Well, the come from behind win against Louisville was even better defense, as MU allowed only 63 points on 74 trips down the court to - IRONICALLY - win by a reversal of the two numbers, 74-63. Only four defenses in the country are allowing fewer points per trip than the defensive performance MU allowed today:
Rnk | Defense | Pts/Trip |
---|---|---|
1 | Ohio St | 0.793 |
2 | Wisconsin | 0.813 |
3 | Kansas | 0.823 |
4 | Flo State | 0.848 |
5 | MU (today only) | 0.851 |
Admittedly Louisville is an average offense without injured Kyle Kuric, but the sharp-shooter is not dominant like he was last year, as he still only gets the ball about 15% of their possessions and has dropped from a Top 10 to barely a Top 200 offensive player.

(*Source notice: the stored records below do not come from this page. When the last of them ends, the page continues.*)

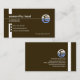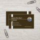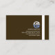 A dark brown cover is accentuated by two sets of white demarcation lines. The top thin line houses your prestigious name, job title and business name. A global logo for you to use, is located at the end of the thin line. The vertical column line on the left has triangle buttons that hold on to the contact details. Towards the lower right corner is a slogan caption to publicize your services.
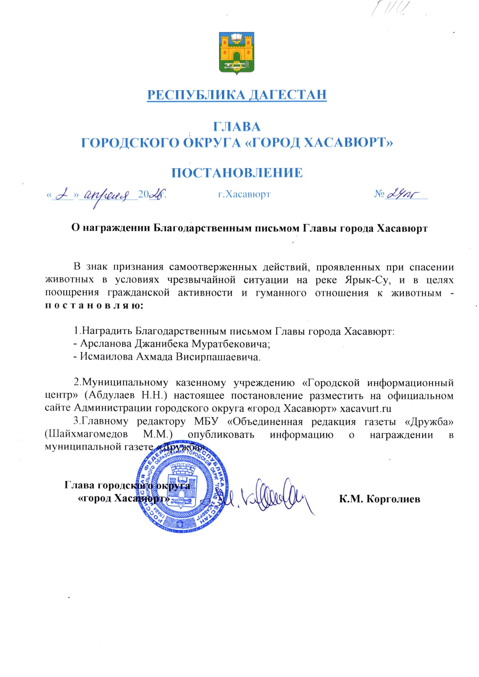 Постановление от 2 апреля 2026 г. № 24 пг О награждении Благодарственным письмом Главы города Хасавюрт
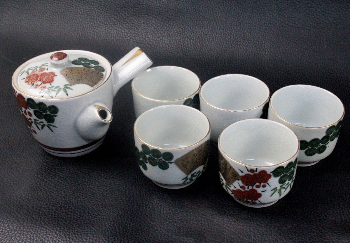 - 九谷焼 秀山造 九谷秀山 番茶器 急須 湯呑 梅 金彩 骨董品 美術品 レトロ アンティーク コレクター
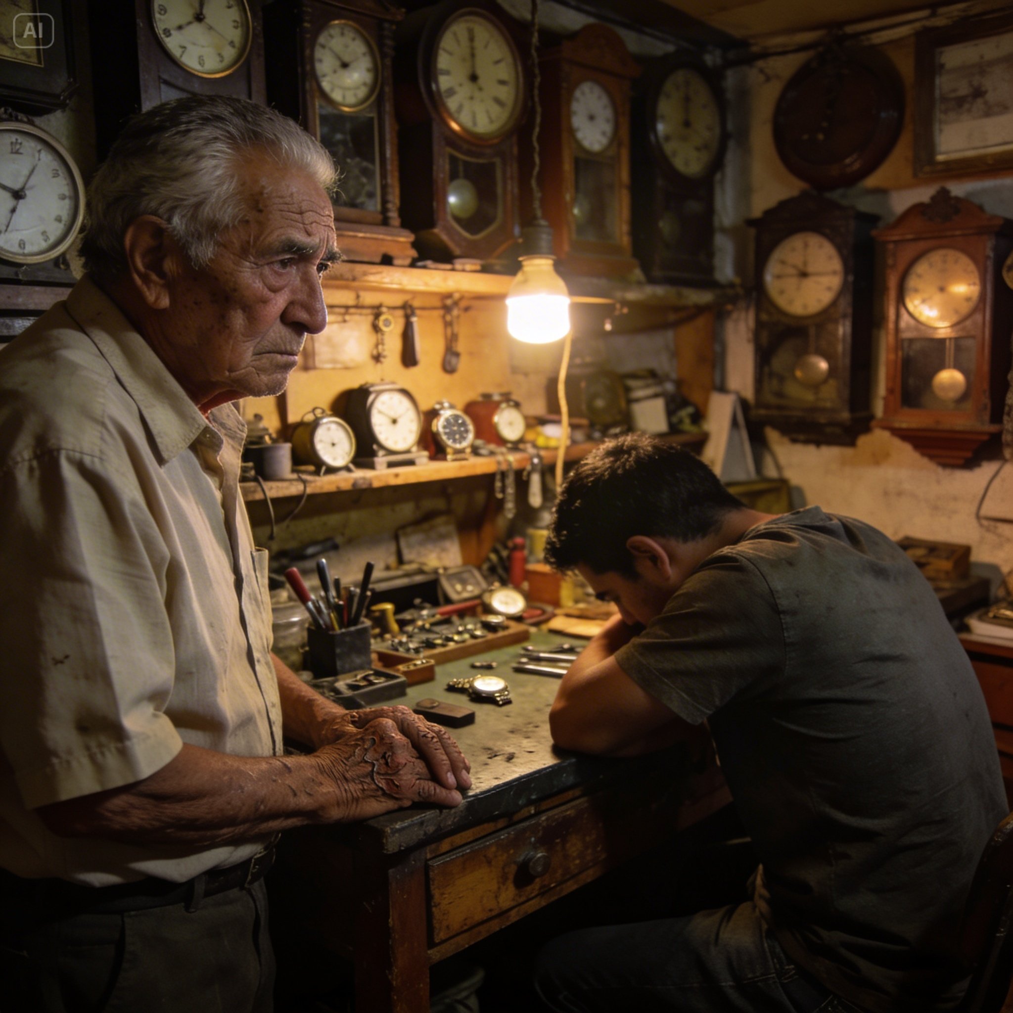 Las paredes guardan más que inventario; guardan memoria. Relojes de bolsillo con cristales rotos, maquinarias con sonerías dobladas. La gente cree que arreglo relojes; lo que realmente hago es negarme a que el tiempo se detenga para las cosas que importan.

When looking at how MU shut down the Cardinals offense, they once against used great pressure to end 23.4% of Louisville's trips in turnovers, but perhaps more impressively turned it over without fouling. Louisville's free throw rate of only 15.9% (only 10 free throw attempts vs. 63 field goal attempts) indicate an incredible job of stripping the ball and forcing other turnovers without fouling.
Lville O | MU Def | Today | |
---|---|---|---|
Efficiency | 1.03 | 0.91 | 0.85 |
eFG% | 48.2% | 45.6% | 46.8% |
TO% | 21.0% | 25.0% | 23.4% |
OR% | 36.2% | 34.7% | 34.3% |
FTR | 38.7% | 33.5% | 15.9% |
Once again that effort was needed to stop Louisville's pretty strong offensive rebounding, which would have dominated except for Jae Crowder's 8 defensive rebounds. Along with Crowder's 6 steals and two treys, this keeps him on pace to easly become only the second player in the past decade to hit 160 defensive rebounds and 40 steals while hitting 40 treys in TWO seasons. (thanks for pointing this out College Hoops Journal.)
Carmelo Anthony would have done if for a second year if he hadn't gone NBA, but even if I include him that leaves Jae in pretty elite company of only three players to accomplish the feat assuming he grabs just 56 more defensive rebounds this year:
The Elite Three | Def. Reb | Steals | Treys |
---|---|---|---|
Carmelo Anthony 2003 | 248 | 55 | 56 |
Terrence Williams 2008 | 208 | 48 | 60 |
Terrence Williams 2009 | 266 | 86 | 68 |
Jae Crowder 2011 | 168 | 48 | 42 |
Jae Crowder 2012 (19 games) | 104 | 42 | 36 |
In fact, Lazar Hayward is one of only 10 players to do it just once along with Kyle Singler, Mike Dunleavy Jr., Kevin Durant, Wes Johnson, Ryan Gomes, Maarty Leunen and Anthony, Williams and Crowder.
Crowder is also one of the top shot-blockers among all forwards, as Gorgui Dieng learned first hand when Crowder basically did a volleyball spike on his dunk attempt. But I believe the other exciting defensive development today was seeing Jamil Wilson step up defensively, because if he plays like that then MU really does have a potential dominant defensive line-up in Derrick Wilson, Vander Blue, Crowder, Wilson and a much improved DJO.
This line-up can suffocate many many opponents, with the only question being whether or not they can contain great offensive rebounding teams. But Louisville was a very good - though not great - offensive rebounding team, and today was reason for guarded optimism.